The Crimson prevented the Huskies from playing their shoot-and-crash-the boards style of game early in the first half by screening them from the boards. Harvard pulled ahead 19-15 and steadily increased the margin to 34-19.
Dover, who usually works for the driving lay-up, hit four jump shorts to lead the Crimson to its 43-33 half-time advantage. Hardy also scored several key baskets while outrebounding Northeastern with sephomore forward Brian Newmark.

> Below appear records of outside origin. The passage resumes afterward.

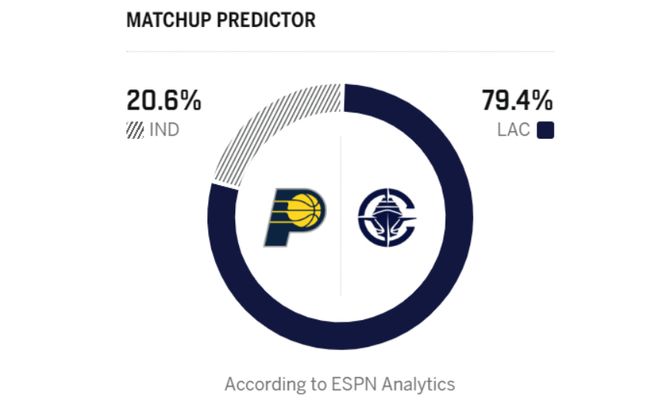 反观客场作战的步行者,本赛季以短暂重建为目标,本赛季战绩15胜46负,近期更是遭遇6连败,排名东部垫底。在106—125不敌魔术后,步行者以全败战绩结束四连主赛程。对阵魔术一役,贾雷斯・沃克砍下21分成为步行者队的唯一亮点,其他球员的表现则不尽如人意。本赛季明确摆烂的他们,正持续肆无忌惮地俯冲状元签。面对即战力缺乏与战意不足的步行者,正全力赶超勇士的快船,自然不会错过这个轻松取胜的机会。美媒ESPN预测本场比赛的胜率,快船取胜概率高达79.4%,步行者胜率低至20.6%。
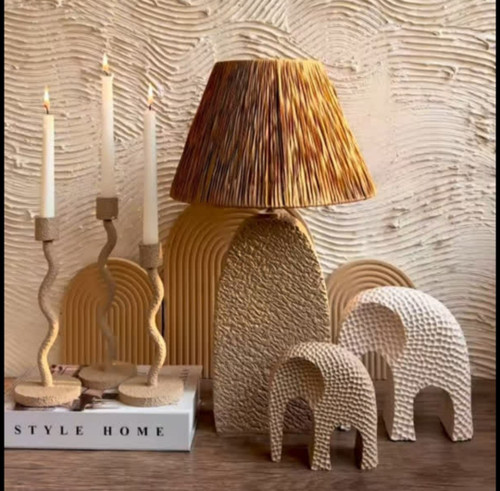 ست رومیزی مجسمه فیل دوتایی همراه آباژور بوهو و شمعدان رنگ کرم و نسکافه ای روشن کد ۰۰۱۸
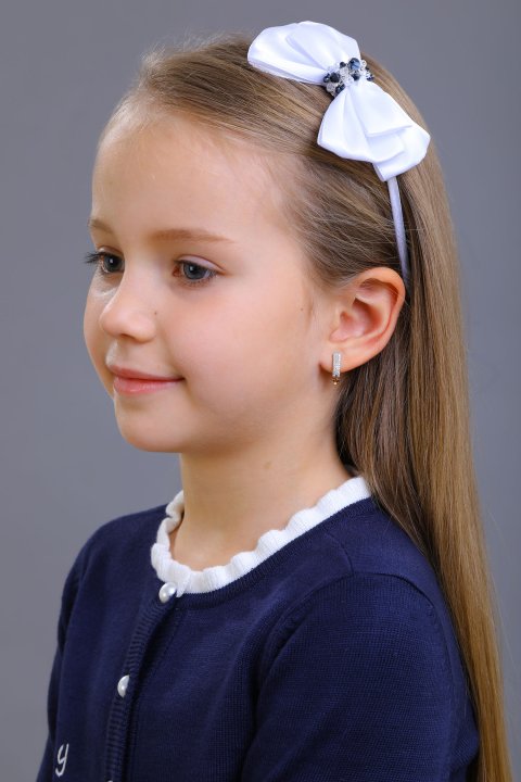 Джемпер из вязаного трикотажа для девочки. Модель выполнена из хлопчатобумажной пряжи. Верхняя часть с узором, ромбы расшиты бусинами. Круглый вырез с оборками и атласным бантом. Модель с длинными рукавами. Джемпер без застежек, легко снимается и надевается через голову.

With 3000 partisan spectators urging them on the Huskies, using a full-court press that forced several Crimson turnovers, inched their way to a brief 62-61 lead.
Then Bozek took command, Scoring a twelve-foot jump shot to put Harvard ahead. Bozek added six more points and directed the Crimson's offensive attack.
"Matty has the guts of a burglar." said Harvard coach Bob Harrison. "That is, he's not afraid to take the shot if he thinks he's got it." Harrison explained.
The Crimson held Northeastern's leading scorer, Jack Maheras, to eight paints. Husky captain Paul Swett lead his team with 14.
"I never doubted that we'd beat them," said Harrison. "We had beter shooters and I knew we'd come back. We're a team that plays boom-boom-we'll get four points quick. And I knew that the next boom-boom would come." he said.
In a 6:30 p.m. preliminary. Harvard's freshman team outran the Northeastern freshmen, 111-95 to win its fourth straight game.
The Yardlings exploded to a 20-point lead early in the second half, over-powering the Huskies on the boards. But Northeastern came back and cut the margin to 81-70 with a full-court press that forced numerous Crimson ball-handling mistakes.
Paced by guard Jean Wilkinson and James Brown. Harvard held its lead to win. Brown finished with 28 points, and Wilkinson had 23, Center Floyd Lewis, who outrebounded the Huskies with Brown and forward Marshall Sanders, scored 27 points.